Methods: A convenience sample of 3,184 licensed clinicians from across the United States were recruited to participate in a cross-sectional online survey about the impact of COVID-19 on their personal and professional lives. Data collected in this survey measured STS; PTSD using the Posttraumatic Checklist-5 (PCL-5), Resilience using the Brief Resilience Scale (BRS), attachment styles using the Adult Attachment Questionnaire (AAQ), exposure to a range of past traumas using the Life Events Checklist-5 (LEC-5), post traumatic growth using the Post-Traumatic Growth scale (PTG), secondary trauma, compassion satisfaction, and burnout using the Professional Quality of Life scale (ProQOL), as well as a single item gauging enduring stress from the pandemic. Consistent with prior research, STS was operationalized by the product of scores from the PCL-5 and the ProQOL secondary trauma subscale. All of the scales in this survey were open source and highly validated.
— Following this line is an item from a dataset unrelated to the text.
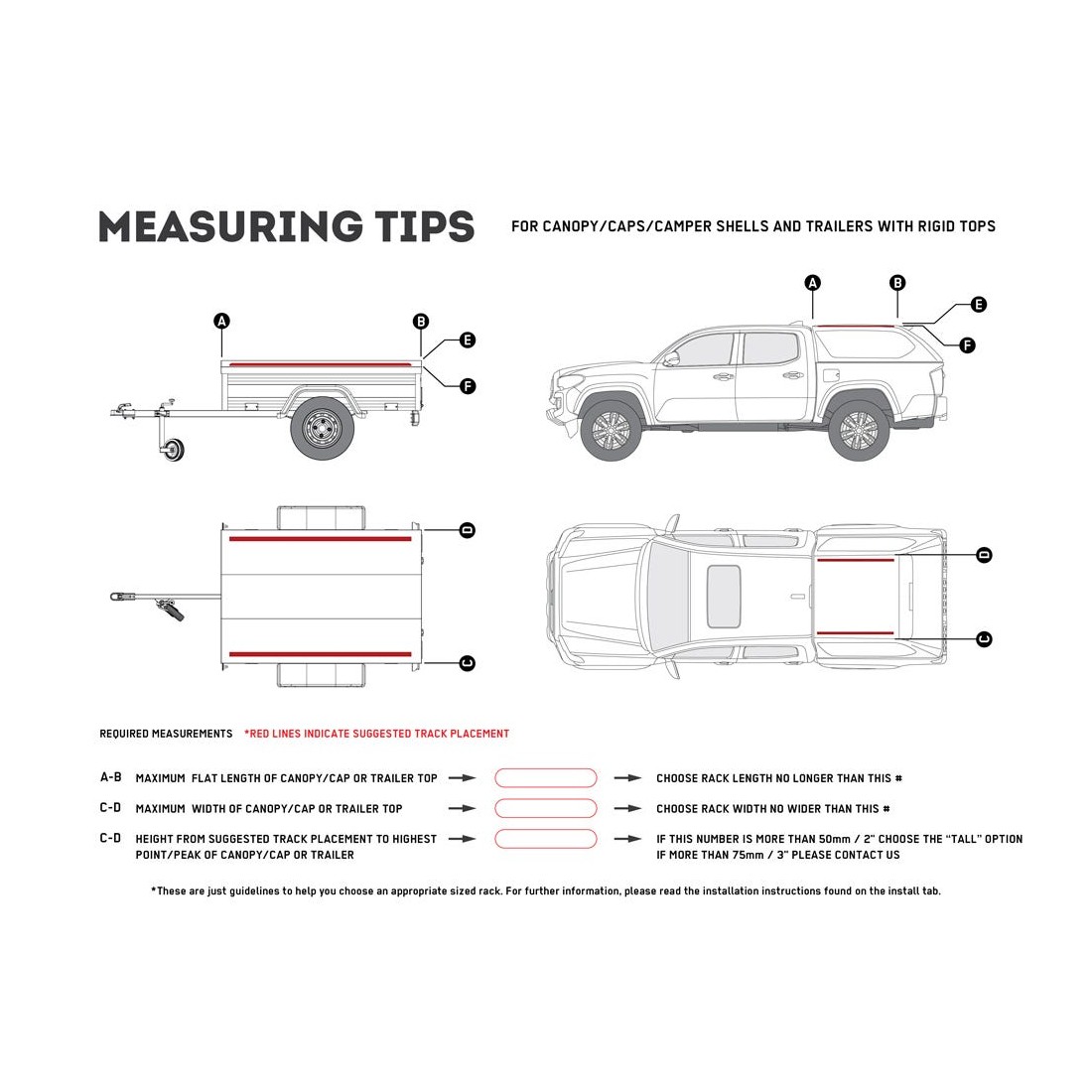 Ce kit de galerie est destiné au hard top de Pick-Up/aux cellules de camping et aux remorques qui ont une dimension de toit approximative de 1165mm/45.9'' (l) x 1762mm/69.4'' (L). Le plateau Slimline II s’installe sur les six (6) pieds fournis qui glissent dans les rails fournis. La paire de rail d'une longueur de 1600mm/63'' peut facilement être montée sur votre hard top/cellule ou remorque. Regardez le guide d’installation pour le montage des rails dans l'onglet INSTALL pour plus de détails.

Data analysis consisted of structural equation modeling (SEM) that included resilience as a mediator as well as four independent variables: avoidant and ambivalent-anxious attachment styles, exposure to a traumatic life event, and a single item assessing enduring stress from the COVID-19 pandemic specifically. The SEM used regression coefficients and R2 to estimate the impact of predictor variables on STS.
Results: The SEM results suggested small direct effects between the independent variables and their mediator, resilience (R2=.17). However, there were moderate direct effects detected between the independent variables and STS, with the overall R2 in the model being .40. When examining each independent variable’s direct effect on either resilience or STS, each variable’s coefficient was statistically significant at p <.01. Finally, consistent with findings from previous STS research, clinicians’ resilience was found to have an inverse relationship to STS.
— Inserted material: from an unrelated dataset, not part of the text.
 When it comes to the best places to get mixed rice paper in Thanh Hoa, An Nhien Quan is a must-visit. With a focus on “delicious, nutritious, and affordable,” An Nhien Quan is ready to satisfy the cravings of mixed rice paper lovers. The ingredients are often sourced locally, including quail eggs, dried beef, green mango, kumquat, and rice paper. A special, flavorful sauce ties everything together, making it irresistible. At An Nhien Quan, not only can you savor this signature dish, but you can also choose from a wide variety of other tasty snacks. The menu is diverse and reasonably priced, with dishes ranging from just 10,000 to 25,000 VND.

Implications: The findings contribute to knowledge of STS during the COVID-19 pandemic, and how these collective traumatological environments may affect those seeking mental healthcare as well as the social workers providing it. By doing so, it both recenters the importance of provider’s wellbeing as critical to the social work profession, while also expanding the scope of social work research to further consider the complex and emergent issues facing the workforce, such as STS. Future studies should aim to recruit more diverse samples and continue to compare levels of STS in distinct traumatological environments.